Static functions

Bo Thorsen bo at
Mon Jan 12 13:56:45 GMT 2004

Hi all,

I just convinced myself it was time to remind everyone of this old 
feature: Static functions. I know lots of you already know about this 
feature, but I've seen too many places where it isn't used, so I thought 
I'd give a heads up on it.

The reason for using these is optimization - especially when it comes to 
libraries. And since almost all of KDE is made up of libraries, this 
really is important.

First application: Helper methods:

There are too many places in KDE where we have helper functions like this:

bool doSomething(...) {

If you search the object file or the library after compilation (for 
example with readelf -s thefile.o) you will see the symbol in the symbol 
table of the file. And the places that use these file will have a 
reference to this symbol. This means when the runtime linker loads the 
library, it needs to spend time matching the call to doSomething with the 
place of the code.
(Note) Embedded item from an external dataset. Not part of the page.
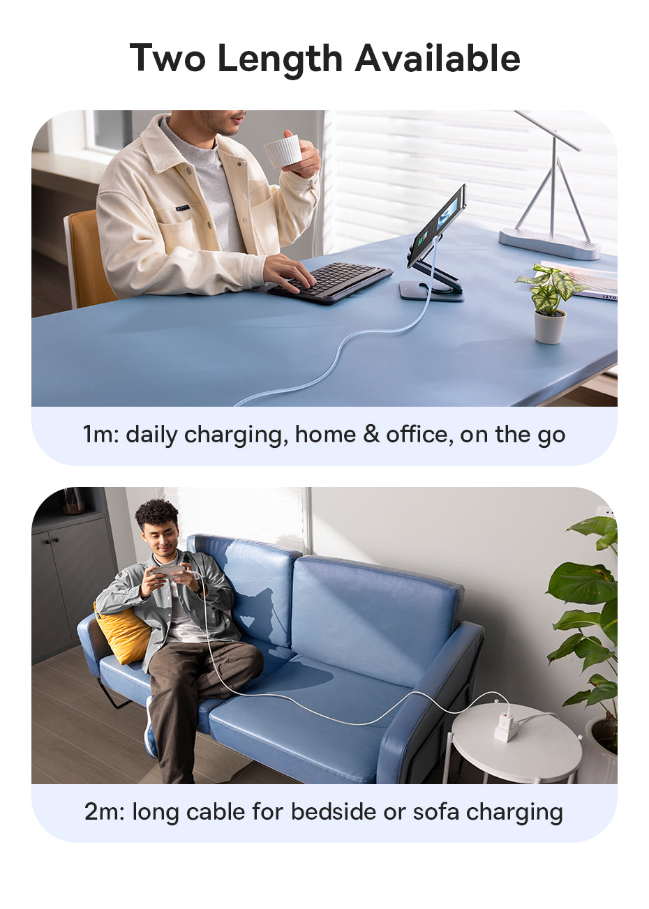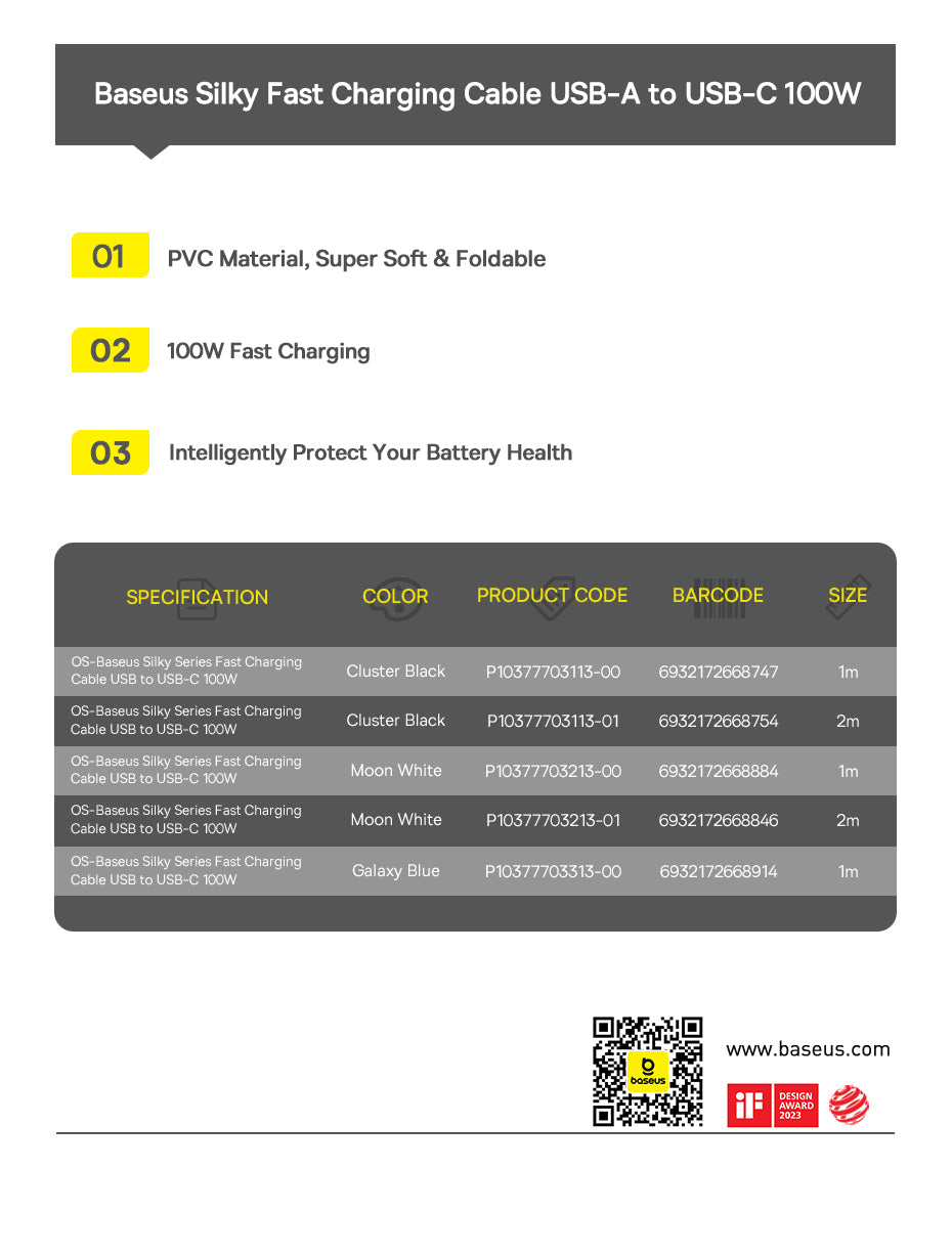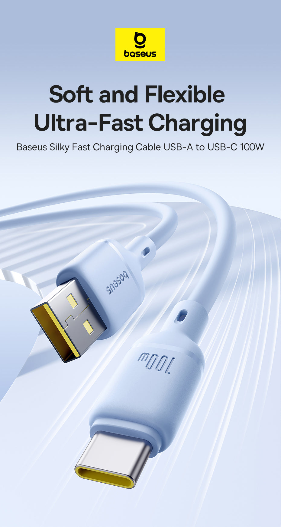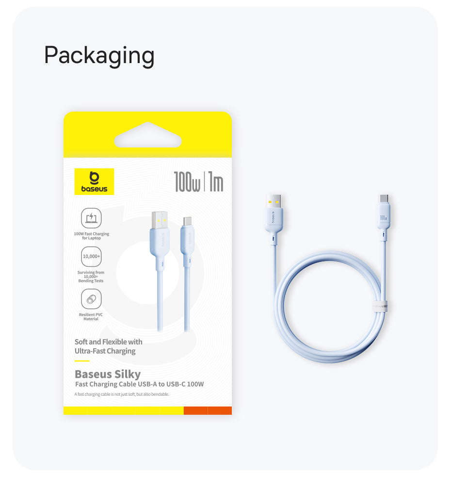 Baseus Silky je měkký a odolný nabíjecí kabel s podporou 100 W Power Delivery (PD). Je vhodný pro rychlé nabíjení iPhonu a dalších kompatibilních zařízení. Vyráběný z pružného PVC materiálu, odolný vůči ohýbání a lámání, což prodlužuje životnost. Díky inteligentnímu čipu automaticky rozpozná připojené zařízení a optimalizuje proud i napětí pro bezpečné a efektivní nabíjení bez přehřívání. Podporuje datový přenos rychlostí až 480 Mb/s (USB 3.0) pro rychlou synchronizaci souborů.

If you instead do this:

static bool doSomething(...) {

the symbol is no longer in the object file, and all uses are linked at 
compile time, so you no longer spend time in the linker.

Another good thing here is that you won't pollute the local namespace 
inside the library, but that point is moot in KDE, since --enable-final 
makes it impossible to have two identical methods anyway.

Another application of this: Private methods.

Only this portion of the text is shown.